Locally, we're pretty down on naive inlining.  I think there are some
cases where it pays, but they are much rarer than imagined.  So, here's a
list of reasons not to inline:

Code growth

	Replicating procedure bodies in many places.
	Can have bad effects on paging, TLB, I-Cache.
	(however, may improve locality sometimes.)

	Hurts compile-time, since optimizers are pretty
	sensitive to code size.


Register pressure

	Call sites are natural places to spill lots of registers.
	Register allocators are rarely able to achieve the same efficiency.


Massive recompilation

	When you edit an inlined routine, you've got to recompile
	everyone that calls the routine.  On big programs (say an OS
	or perhaps a reservor simulator), this is a Bad Thing.

	People sometimes argue that the inlining is only done at the last
	second, after code has been debugged.  I don't think this is
	a good argument.  Code is always being debugged, especially the
	big things, like OS's.  Further, big programs take a lot of
	performance tuning, usually done with full optimization.

	Surely everyone knows not to do initial development
	with the optimizer turned on?


Inlining isn't as good as interprocedural analysis

	Interprocedural analysis can track across the entire program,
	including loops in the call graph (recursion).  Inlining
	only gets effects on procedures actually inlined.

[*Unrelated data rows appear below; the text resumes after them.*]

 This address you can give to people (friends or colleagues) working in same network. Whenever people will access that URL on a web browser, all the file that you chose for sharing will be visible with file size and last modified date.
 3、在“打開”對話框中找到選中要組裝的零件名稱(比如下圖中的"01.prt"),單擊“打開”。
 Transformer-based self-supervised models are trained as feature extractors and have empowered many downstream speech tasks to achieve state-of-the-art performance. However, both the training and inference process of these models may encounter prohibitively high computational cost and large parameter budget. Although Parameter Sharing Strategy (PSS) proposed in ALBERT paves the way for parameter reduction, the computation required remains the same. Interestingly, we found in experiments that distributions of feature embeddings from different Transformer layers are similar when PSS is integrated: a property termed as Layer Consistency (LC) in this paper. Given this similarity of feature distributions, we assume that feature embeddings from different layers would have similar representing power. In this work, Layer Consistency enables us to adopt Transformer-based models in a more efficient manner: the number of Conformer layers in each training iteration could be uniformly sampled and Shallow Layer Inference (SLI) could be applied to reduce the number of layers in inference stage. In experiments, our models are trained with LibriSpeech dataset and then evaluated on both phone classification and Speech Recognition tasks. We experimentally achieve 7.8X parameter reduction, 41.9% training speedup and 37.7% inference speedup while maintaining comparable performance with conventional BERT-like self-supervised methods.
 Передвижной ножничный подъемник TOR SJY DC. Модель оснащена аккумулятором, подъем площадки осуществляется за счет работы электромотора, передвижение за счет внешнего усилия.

	Imagine a huge program, with many constant parameters set by the
	main routine.  Interprocedural constant propagation will get
	these constant all through the code; inlining won't get anything
	unless it's inlined into the main routine.


Inlining is ineffective

	We've tried lots of experiments, with a variety of code
	on a variety of machines (scalar, vector, parallel, RISC, and CISC).
	Sometimes we manage a 20% improvement.
	Sometimes we degrade by up to 20%.  Usually, there's only
	a fractional change one way or another.
	It's very difficult to predict when it will pay off.

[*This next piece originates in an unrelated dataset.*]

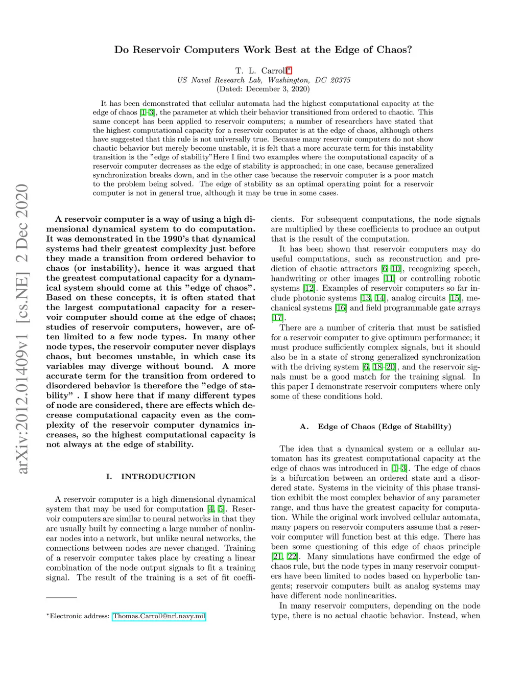 It has been demonstrated that cellular automata had the highest computational capacity at the edge of chaos, the parameter at which their behavior transitioned from ordered to chaotic. This same concept has been applied to reservoir computers; a number of researchers have stated that the highest computational capacity for a reservoir computer is at the edge of chaos, although others have suggested that this rule is not universally true. Because many reservoir computers do not show chaotic behavior but merely become unstable, it is felt that a more accurate term for this instability transition is the "edge of stability"Here I find two examples where the computational capacity of a reservoir computer decreases as the edge of stability is approached; in one case, because generalized synchronization breaks down, and in the other case because the reservoir computer is a poor match to the problem being solved. The edge of stability as an optimal operating point for a reservoir computer is not in general true, although it may be true in some cases.

We believe that many people know these things, often from
experimentation.  However, nobody likes to publish negative results.
Hence, the knowledge has been Supressed.

------------------

Obviously, inlining is not completely Evil.
However, I think it has been over-sold and over-used.
This is a little attempt to even the balance.

Preston Briggs
-- 
Send compilers articles to compilers@iecc.cambridge.ma.us or
{ima | spdcc | world}!iecc!compilers.  Meta-mail to compilers-request.

ressler@cs.cornell.edu (Gene Ressler) (05/03/91)

These are very good points.  My own experiments: Recently did an
event-driven simulator in C.  Ran gcc -finline-functions -O on the inner
loop module and got about 12% improvement over plain -O on both
SPARCstation and MIPS.  About the same with c89 -Q -O vs c89 -O on an
RS6000 320.  In Lucid Common Lisp code for image processing, however, I've
gotten 50% on a SPARC.  But you'd expect that with the heavy weight of
Common Lisp's function calls.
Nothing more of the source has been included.